独立を貫いた裁判長の原発運転差し止め決定
昨日(1月17日)、広島高裁(森一岳裁判長)は、四国電力伊方原発3号機(愛媛県伊方町)の運転差し止めを認める決定を出した。これは、快挙である。3人の裁判官に、敬意を表したい。
事件は、山口県内の住民3人が求めた仮処分申し立てである。本案訴訟の判決言い渡しあるまでの仮の差し止めが認められた。申し立てたのは、伊方原発から50キロ圏内にある瀬戸内海の島の住民。山口地裁岩国支部が昨年3月、その申し立てを却下する決定を出したため、これを不服として広島高裁に即時抗告して、逆転の決定に至った。原発運転を差し止める高裁レベルでの司法判断は2件目だという。

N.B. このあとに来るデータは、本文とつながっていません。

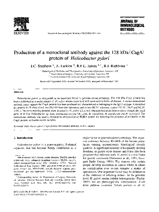 (PDF) Production of a monoclonal antibody against the 128 kDa (CagA ...

抗告審で問題になったのは、国内最大規模の活断層「中央構造線断層帯」に関連する活断層が原発の沖合約600メートルにある可能性、約130キロ離れた阿蘇山(熊本県)の巨大噴火で火砕流が到達するリスク、あるいは事故が起きた際の島からのは避難の困難性などであったという。
報じられている決定の概要では、「活断層が原発の敷地に極めて近い可能性を否定し得ず地震動評価や調査が不十分」「阿蘇カルデラ噴火による影響についての想定は過小」「原子炉設置変更許可申請を問題ないとした原子力規制委員会の判断は誤りで不合理」と、踏み込んだ判断となっている。その判断の影響は大きい。

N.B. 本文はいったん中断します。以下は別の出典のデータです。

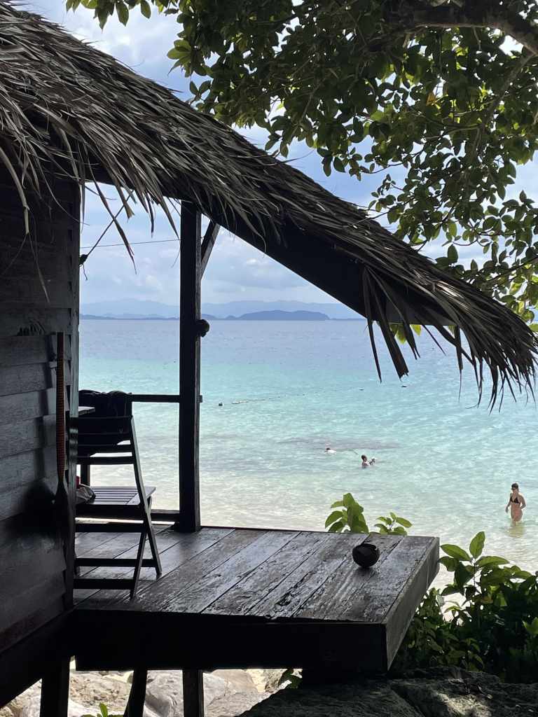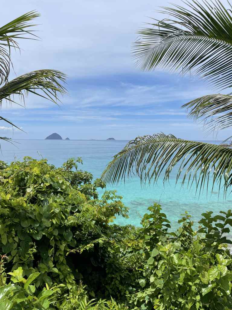 When I‘m not diving, I explore the lush jungle which covers both islands. I hike all the way up to the windmill on Pulau Kecil. Or I take a water taxi from Coral Bay to paradise-like Adam and Eve beach. I have it all to myself and enjoy the peace and quiet until I feel my stomach rumbling. Time to hike across the small hill to D‘Lagoon. Apart from the stunning reef (which can also be explored by snorkelling), there is a small resort with a good restaurant, a crazy monkey, and 2 beautiful cats. In the late afternoon, I let the owner know that I want to go back to Long Beach by boat, whenever there are other people heading there. The minimum price for the water taxi is for 2 people. So if you‘re alone and not in a rush, it‘s better to wait a bit in order to save some money. I sit at the beach for around 30 minutes before a couple arrives who‘s going in the same direction. From Long Beach, I walk the 40 minutes back to Crocodile Rock and arrive just before nightfall, which is when I usually go to bed.

私が注目したのは、裁判長の定年の時期である。森一岳裁判長は、この決定の8日後今月25日に65歳の誕生日を迎えて定年退官する。決定を退官後の後任裁判長に先送りすることなく毅然とした判断を貫いたのだ。
あるいは、もう定年間際である。恐いものはないのだから、自分の思うところを貫こうと考えたのかも知れない。「鳥の将に死なんとする、その鳴くや哀し。人の将に死なんとする、その言ふや善し」というが、「裁判官の将に定年になろうとする。その判決や善し」なのだ。
憲法76条3項は、「すべて裁判官は、その良心に従ひ独立してその職権を行ひ、この憲法及び法律にのみ拘束される」と定める。ところが、独立した裁判官も、独立を貫いた裁判も、実は稀少なのだ。
歯に衣きせずに敢えて言えば、司法の本質は権力機構の一部である。この社会の体制から、あるいは社会の多数派が牛耳る立法権から、そして権力主体としての行政権から、司法は強い掣肘を受けている。それが現実である。
もちろん、法の論理としてはそうであってはならず、すべての裁判官が独立していなければならない。しかし、現実は甘くない。司法が他の権力からの掣肘を受けるだけでなく、個々の裁判官が最高裁当局から監視され締め付けを受けている。
原発の推進は国策である。行政のみならず、司法当局も、原発推進に逆行する判決を歓迎していないことは、誰の目にも明白である。最高裁当局の思惑を忖度して、それに逆らわない判決を書ける人を「賢い裁判官」という。賢いとは、上手に生きる処世の術に長けているということである。
最高裁当局の思惑を忖度せず、敢えてそれに逆らって「その良心に従ひ独立してその職権を行ふ」愚直な裁判官はどうなるか。当然のことながら、出世コースから外される。給料に差が付く。任地で差別される。若い裁判官との接触の機会を求めても裁判長になれない。影響の大きな重要裁判は担当させられない…。
森一岳裁判長がどうであったかは具体的には知らない。しかし、処世術に長けた「賢い裁判官」ではなかったようだ。そして、もう定年間際。恐いものなく、純粋に法と良心のみに従った決定を書いた。そうすれば、政府や財界にも、最高裁事務総局にもおもねりのない、原発運転差し止め決定となるのだ。
裁判官の独立は、真に貴重である。